А чуть выше старая вывеска-указатель: улица Коммунистов.
Присоседились.
Портфельчик
Семейство причащается Святых Христовых Тайн. Две девочки постарше уступают первенство младшей сестре. А та извивается ужом на руках у худощавого папы, мотает головой туда-сюда, плотно сжимая губы — ложечкой с причастием не попадешь.
— Да поставьте дочку на ноги, в конце концов! — говорит батюшка папаше. — Не младенец она у вас!

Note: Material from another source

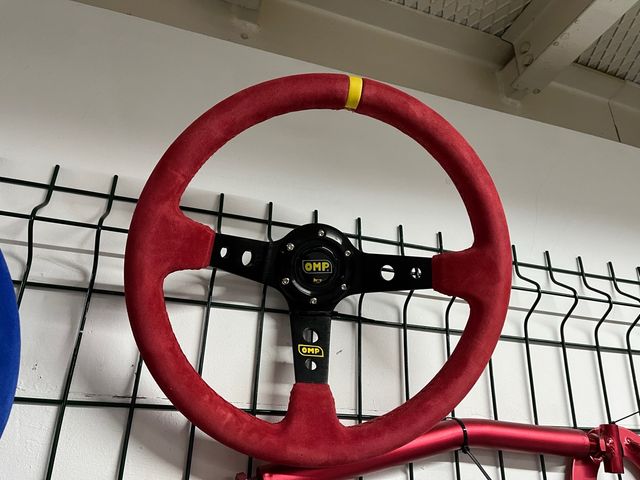 Volante deportivo tipo OMP, con acabado en piel vuelta rojo y detalles amarillos.
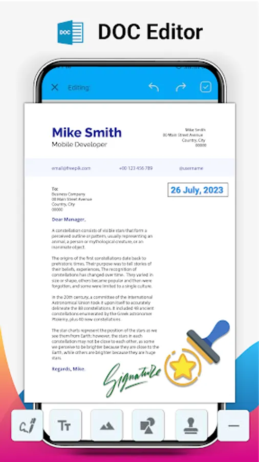 📝This document signer and PDF Signer saves a lot of time. This app also provides advantages for users who want to create new digital signatures with the help of the autograph creator and create name signature app. It is the finest Digital Signature Creator application for new and professional users. The e-signature application is for all who need the digital signature solution with an electronic signature feature.

Девчонка уже не угрюмо и испуганно, а с некоторым настороженным интересом смотрит на батюшку снизу вверх. К спине непослушной рабы божией, словно блин, прилепился крохотный игрушечный портфельчик.
— О, сегодня знаменательный день! — нашелся священник. — Причащаются все, кто с портфельчиками!
И надо же — девчонка сразу свой рот нараспашку, как галчонок!
Подумалось: а что если бы не только дети, но и взрослые дяди и тети с портфелями причащались почаще! Может, тогда и жили бы все в России лучше…
Дань моде
Молодой священник отец Сергий пришел сам не свой:
— Пригласили меня освящать «новорусский» особняк… Час уж перед обедом. В вестибюле юная дамочка встречает. В одной прозрачной «ночнушке», коротенькой, по самое «не могу». Этак, спросонок, щебечет: «Вы работайте, работайте! Если я вам мешаю, то на балкончике пока покурю».
Освятил особняк отец Сергий, водичкой везде в комнатах покропил, от прелестей дамочки-хозяюшки стыдливо глаза отводит.
— Понимаете хоть — зачем вам это освящение жилища? — спрашивает.
— Так модно же! — удивленно округляются глазки с размазанной косметикой. — Чем я хуже других?!. А вы получили за свою работу, так молчите!
Без греха
Благообразного вида старушонка священнику:
— Ой, батюшко, хотела бы причаститься да все никак не получается!
— Иди на исповедь! — отвечает ей молодой батюшка. — Знаешь, что в Чаше-то находится?
Старушонка хитро поглядывает, почти шепчет заговорчищески:
— Знаю… Да только не скажу.
— Евангелие читаешь? — продолжает допытываться священник.
— На столе всегда лежит, — ответствует бабулька.
— Так читаешь?
— Так на столе-то оно ведь лежит!
— Много грехов накопила?
— Ох, батюшко, много-много! — сокрушенно всплескивает ручками старушка.
— Перечисляй тогда!
Бабулька задумывается, вздыхает вроде б как с огорчением:
— Да какие у меня грехи? Нету…
Пост
Полуслепой, вдовец, давным-давно «за штатом», хромой отец Василий ковыляет помаленьку с базара. В авоське-сетке в крупную ячейку, болтающейся в его руке, просматривается мороженая куриная тушка.
Кто-то из новоявленных «фарисеев» радостно, с показным сокрушением на роже, бросается к старику:
— Батюшка, ведь — пост!
Отец Василий останавливается, скорее не зрением, а по звуку голоса находит укорившего его, и обстоятельно изрекает:
— У кого — нет, у того и пост!
Ни пуха ни пера
Молодой батюшка собирается на сессию в семинарию.
Литургия отслужена, проповедь кратка.
— Простите, дорогие прихожане, спешу на поезд, буду на сессии экзамены сдавать.
— Ни пуха ни пера вам! — звонко, на весь храм, восклицает какой-то малолетний шкет.
Батюшка смущен: ну, в самом деле, не посылать же пожелавшего ему успехов пацана туда, куда православному ни в коем случае не надо…
Но, отдадим должное: два десятка экзаменов и зачетов сдал священник почти на одни пятерки.
По времени
Местный юродивый Толя Рыков сидит на паперти храма, как обычно, лопочет что-то взахлеб. Нет-нет да и проскочит в его речах крепкое словцо.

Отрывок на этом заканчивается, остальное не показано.